Show that $\lim_{x\to 0^+}\int_x^{2x}\frac{\sin t}{t^2}dt=\ln 2.$

Question

Question: Show that $$\lim_{x\to 0^+}\int_x^{2x}\frac{\sin t}{t^2}dt=\ln 2.$$

Solution: Note that $$\lim_{x\to 0^+}\int_x^{2x}\frac{\sin t}{t^2}dt=\ln 2=\lim_{x\to 0^+}\int_x^{2x}\frac{dt}{t}\\\iff\lim_{x\to 0^+}\int_x^{2x}\frac{\sin t-t}{t^2}dt=0.$$

Thus it is sufficient to prove that $$\lim_{x\to 0^+}\int_x^{2x}\frac{\sin t-t}{t^2}dt=0.$$

Now, expanding $\sin t$ using Maclaurin's formula having remainder in Lagrange's form, we have $$\sin t=t-\frac{\cos\xi}{3!}t^3, \text{ where } \xi=\theta t\text{ and } 0<\theta<1.$$

Now $$\cos \xi\le 1\implies \frac{\cos \xi}{3!}t^3\le \frac{t^3}{3!}(\because t>0)\\\implies t-\frac{\cos \xi}{3!}t^3\ge t-\frac{t^3}{3!}\\\implies \sin t\ge t-\frac{t^3}{3!}.$$

Again since $t>0$, we have $\sin t<t$.

Thus $\forall t\in[x,2x]$ and $\forall x>0,$ we have $$t-\frac{t^3}{3!}\le \sin t\le t\\\implies -\frac{t}{3!}\le \frac{\sin t-t}{t^2}\le 0\\\implies \int_x^{2x} -\frac{t}{3!}dt\le \int_x^{2x}\frac{\sin t-t}{t^2}dt\le 0\\\implies -\frac{x^2}{4}\le \int_x^{2x}\frac{\sin t-t}{t^2}dt\le 0.$$

Now since $\lim_{x\to 0^+} -\frac{x^2}{4}=0$ and $\lim_{x\to 0^+} 0=0$, thus by Sandwich Theorem we can conclude that $$\lim_{x\to 0^+} \int_x^{2x}\frac{\sin t-t}{t^2}dt=0.$$ Hence, we are done.
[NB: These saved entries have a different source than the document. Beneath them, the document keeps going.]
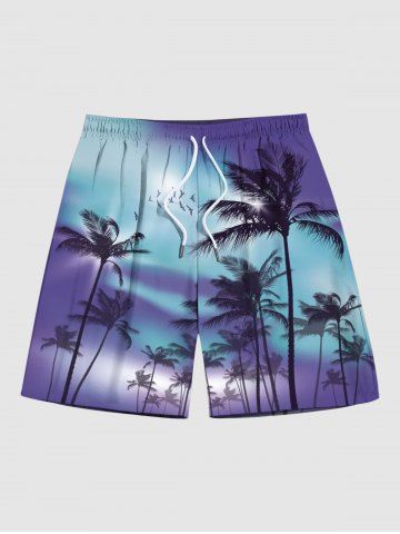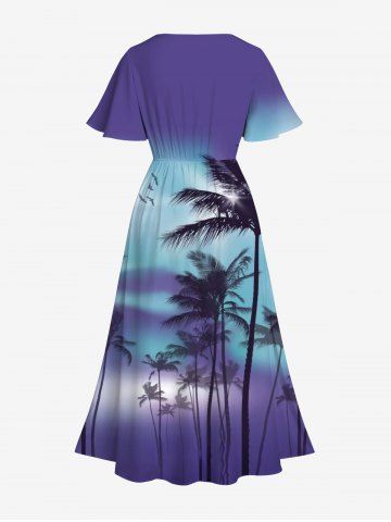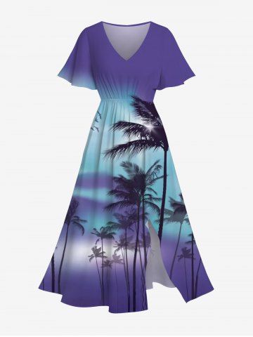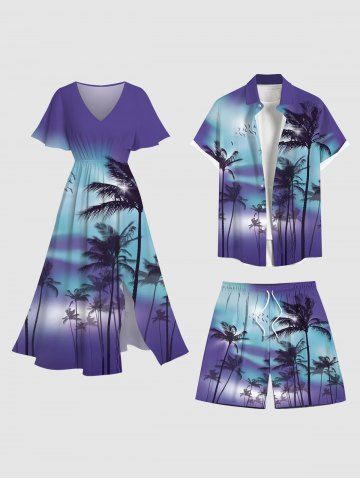 Matching Hawaiian Outfits > Coconut Tree Ombre Colorblock Print Plus Size Matching Hawaii Beach Outfit For Couples
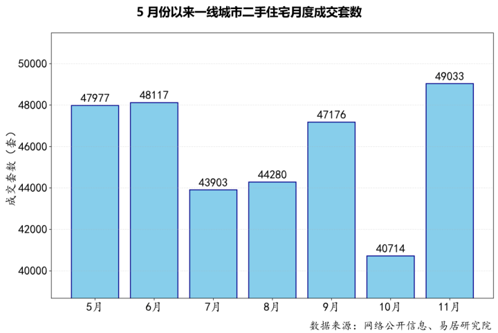 上海易居房地产研究院近日发布的报告显示,11月份一线城市二手住宅成交套数达49033套,创下自5月份以来新高。
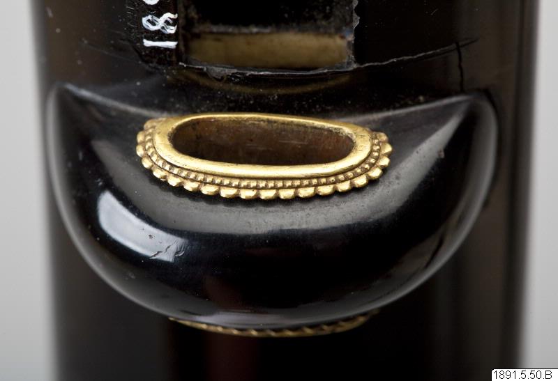 • skida i svart lack med två uttag för sidodolk.På skidan befinna sig japansk gaffel och bordskniv som fältutrustning.(Generalkatalogen)
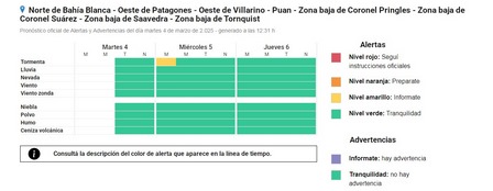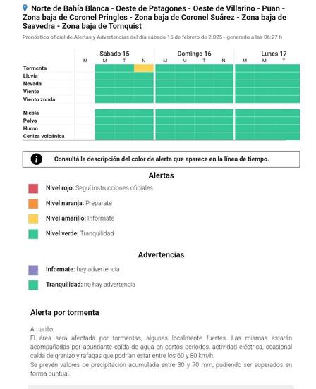El mensaje oficial de la Municipalidad de Saavedra - Pigüé indica "queremos informarle a toda la comunidad la zona del Distrito de Saavedra continua en alerta y que durante la noche de hoy lunes, 3 de noviembre de 2025, y mañana martes 4 de noviembre de 2025, se verá afectada por precipitaciones y vientos moderados.
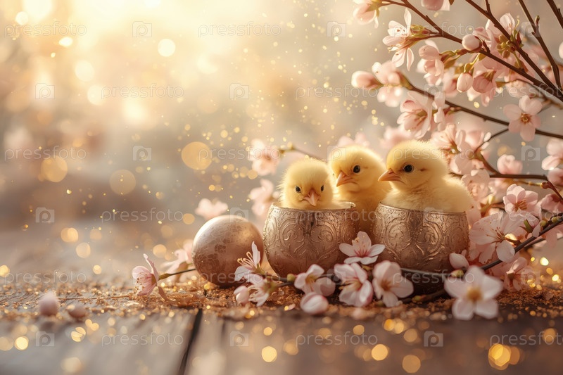 Концепция яркого Пасхального праздника. Нежные розовые пасхальные яйца, желтые курицы и вишневые ветви на деревянном фоне. Концепция ярких пасхальных праздников в 2026 году
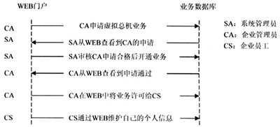 虛擬總機系統(tǒng)開戶流程采用WEB方式實現(xiàn),以此完成用戶對虛擬總機業(yè)務(wù)的定購、系統(tǒng)管理員對用戶開戶申請的審核、用戶業(yè)務(wù)參數(shù)的控制等操作,最后企業(yè)員工可以在企業(yè)管理員許可業(yè)務(wù)后,登陸WEB門戶管理個人信息。具體流程如圖2所示。
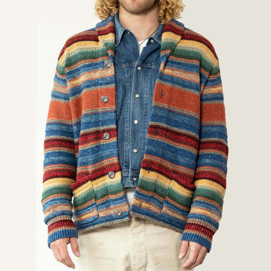Men's Vintage Rainbow Colorblock Jacquard Lapel Cardigan
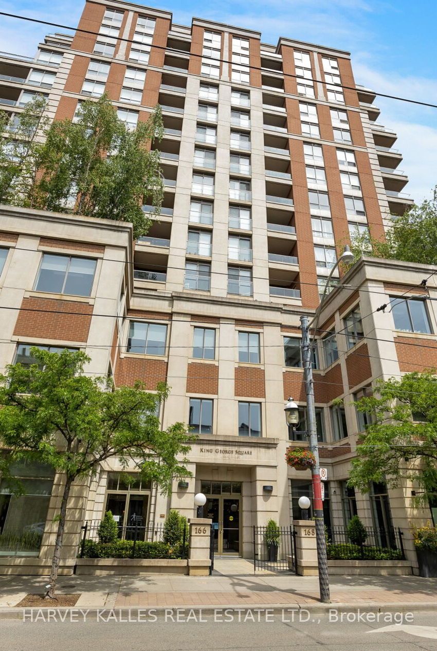 Wake up to stunning unobstructed south views of the waters and St Lawrence Market from your redesigned sub penthouse suite at prestigious King George Square, nestled in one of Toronto's most desired neighbourhoods. Carefully upgraded with true pride of ownership, taste and details. Efficient floor plan offers flexibility of room usage with generous room sizes and storage. Walnut finished engineered flooring throughout. Sizeable Den for study/office or sitting lounge. White gloss floor-to-ceiling custom closets and cabinetry presents ample storage capacity. Modern chefs inspired Kitchen w/ European custom cabinetry, appliances, marble backsplash & Caesarstone waterfall/ counters. Extensive sun lit living and dinning rooms look out to beautiful views. Spacious Master Bedroom offers a walk-in closet, 4-piece ensuite and walkout to a private balcony. Sizeable Guest Bedroom presents abundant space for queen size bed, currently used for professional meetings/office purposes. Top quality European full span bedroom partition glass walls and suspended sliding doors, new under 10yr warranty, added comfort of privacy by motorized roller shades.3 blocks from Financial District, King Street East Design district, George Brown, the waterfront and Distillery District. Long standing reputation of mature executive catered ownership, condo management and healthy reserve funds.1,110 sq. ft of interior space, 2+1 Bed, 2 Bath, Prkg and Lckr. 24 h concierge, exercise, sauna, deck and garden, and party meeting room. Your forever home awaits in this awarded National Geographic's Top 10 Food Market in the World...
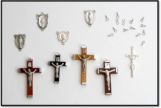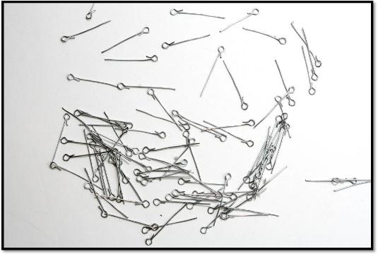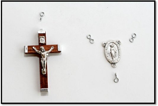 Można stosować każdy rodzaj drutu. Różaniec powinien być jednak mocny i wytrzymały. Najlepszy i najbardziej trwały jest drut półstalowy (z linki). Po rozplataniu pojedynczy drut przycinamy szczypcami na krótsze odcinki (łatwiej trzymać je w ręce). Łapiemy drut szczypcami ok. 2mm od końca i odginamy go lekko do tyłu. Następnie przekładamy szczypce chwytając drut w miejscu zgięcia i ruchem obrotowym do przodu zawijamy go robiąc oczko z dwiema końcówkami - jedną króciutką, drugą po całości drutu. Lekko jeszcze poprawiamy by oczko właściwie uformować, po czym przycinamy drut w części całościowej na długość ok. 2cm (liczoną razem z oczkiem). Tak przygotowanych drucików potrzeba nam 59 sztuk. Lepiej zrobić więcej, ponieważ w trakcie dokonujemy pewnych poprawek i musimy zmieniać druciki.

Is this solution correct and rigorous enough? Are there any alternative solutions?

Answer 1

There is an alternative solution. Integrating by parts with $u=\sin(t)$ and $v=-\frac1t$ we find that

$$\begin{align}\lim_{x\to 0^+}\int_x^{2x}\frac{\sin(t)}{t^2}\,dt&=\lim_{x\to 0^+}\left.\left(-\frac{\sin(t)}{t}\right)\right|_x^{2x}+\lim_{x\to 0^+}\int_x^{2x}\frac{\cos(t)}{t}\,dt\\\\ &=\lim_{x\to 0^+}\int_x^{2x}\frac{\cos(t)}{t}\,dt=\log(2)+\int_x^{2x}\frac{\cos(t)-1}{t}\,dt \end{align}$$

Then, note that for $t\in [x,2x]$, $|1-\cos(t)|=2\sin^2(t/2)\le t^2/2$. Therefore, $\lim_{x\to 0^+}\int_x^{2x}\frac{\cos(t)-1}{t}\,dt=0$ and we conclude

$$\lim_{x\to 0^+}\int_x^{2x}\frac{\sin(t)}{t^2}\,dt=\log(2)$$

as expected!

Answer 2

You can use the fact that $y = \dfrac{\sin x}{x}$ is positive and decreasing on $(0,\pi)$ so that if $0 < x < \pi/2$ you have $$ \frac{\sin 2x}{2x} \ln 2 = \frac{\sin 2x}{2x} \int_x^{2x} \frac 1t \, dt \le \int_x^{2x} \frac{\sin t}{t^2} \, dt \le \frac{\sin x}{x} \int_x^{2x} \frac 1t \, dt = \frac{\sin x}{x} \ln 2.$$ Now apply the squeeze theorem.

Answer 3

MVT for Integrals:

$\displaystyle{\int_{x}^{2x}}\dfrac{\sin t}{t}\frac{1}{t}dt =\dfrac{\sin s}{s}\int_{x}^{2x}\frac{1}{t}dt=$

$\dfrac{\sin s}{s}\left (\log 2x-\log x \right)$, where $s \in [x,2x]$.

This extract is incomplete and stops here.